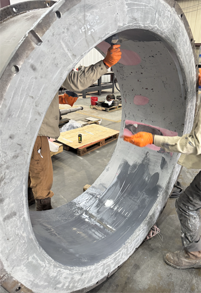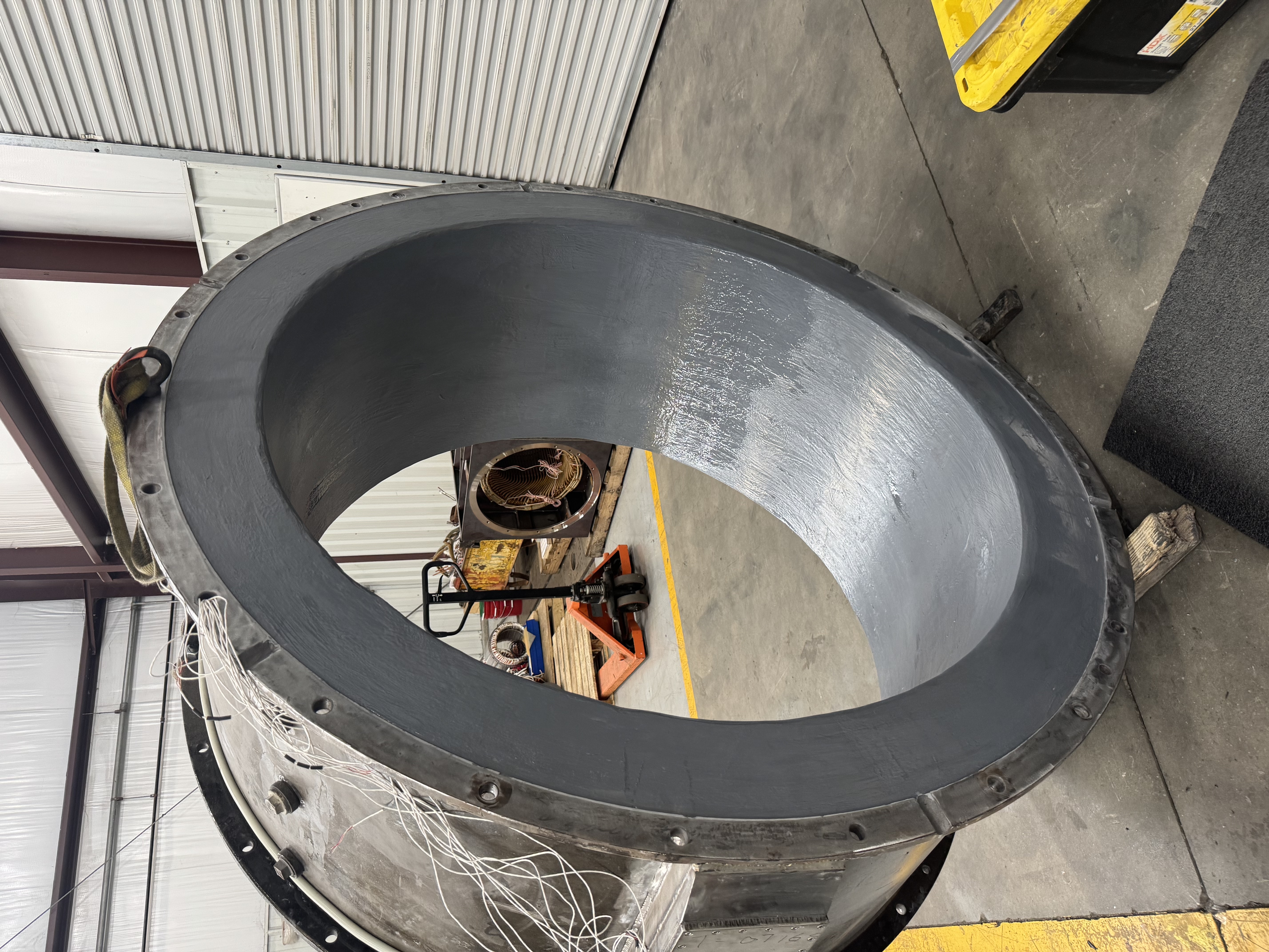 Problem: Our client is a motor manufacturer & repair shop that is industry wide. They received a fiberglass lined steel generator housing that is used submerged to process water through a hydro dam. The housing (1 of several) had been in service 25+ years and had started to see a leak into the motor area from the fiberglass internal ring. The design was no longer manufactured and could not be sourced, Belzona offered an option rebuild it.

--

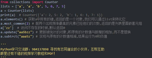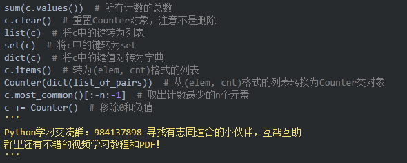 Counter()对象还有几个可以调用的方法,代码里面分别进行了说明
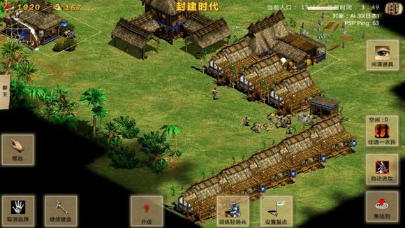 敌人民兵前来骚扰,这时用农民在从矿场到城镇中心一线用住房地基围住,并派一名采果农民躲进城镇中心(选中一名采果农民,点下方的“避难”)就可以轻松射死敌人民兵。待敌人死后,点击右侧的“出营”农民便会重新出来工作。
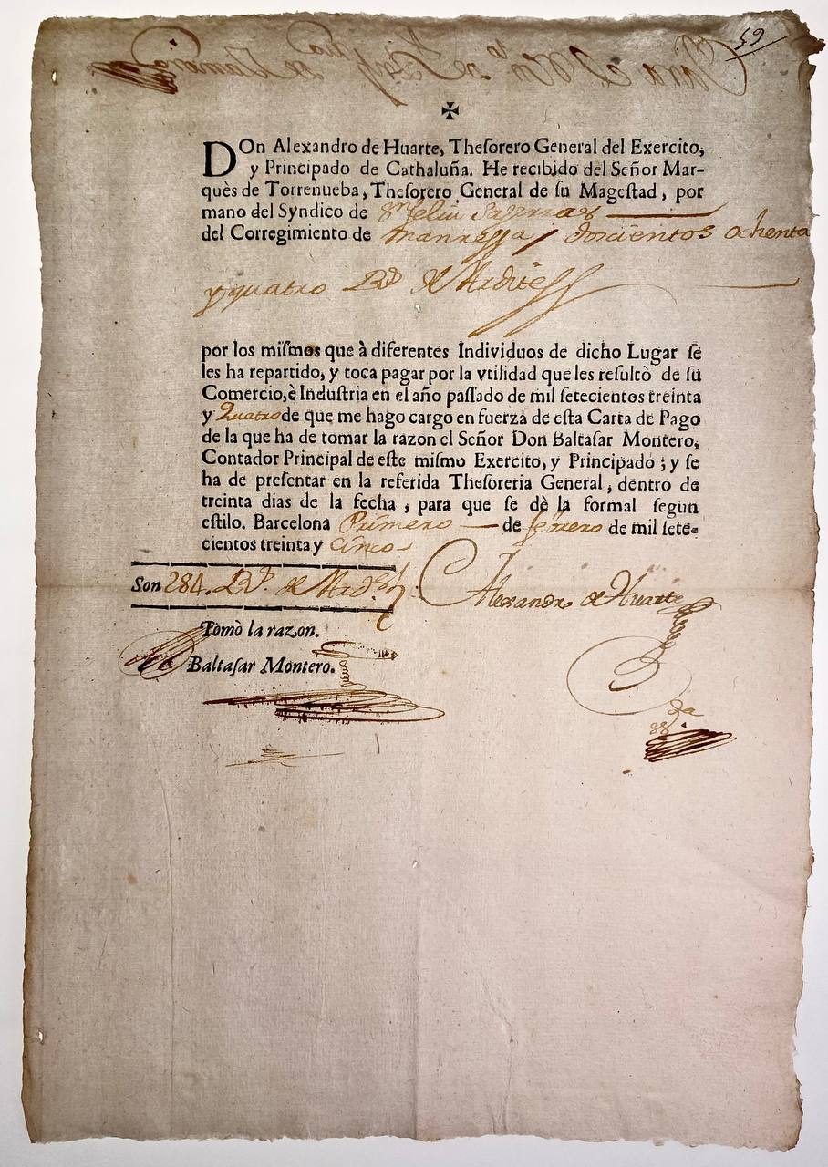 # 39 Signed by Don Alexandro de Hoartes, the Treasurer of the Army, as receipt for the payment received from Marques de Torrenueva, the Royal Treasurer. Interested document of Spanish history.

» **Action item**: In the entries above, find the line containing "敌人民兵前来骚扰,这时用农民" and the line containing "# 39 Signed"; give again exactly those two lines and every line between them, minus the pictures.

» **Answer box**:
 敌人民兵前来骚扰,这时用农民在从矿场到城镇中心一线用住房地基围住,并派一名采果农民躲进城镇中心(选中一名采果农民,点下方的“避难”)就可以轻松射死敌人民兵。待敌人死后,点击右侧的“出营”农民便会重新出来工作。
 # 39 Signed by Don Alexandro de Hoartes, the Treasurer of the Army, as receipt for the payment received from Marques de Torrenueva, the Royal Treasurer. Interested document of Spanish history.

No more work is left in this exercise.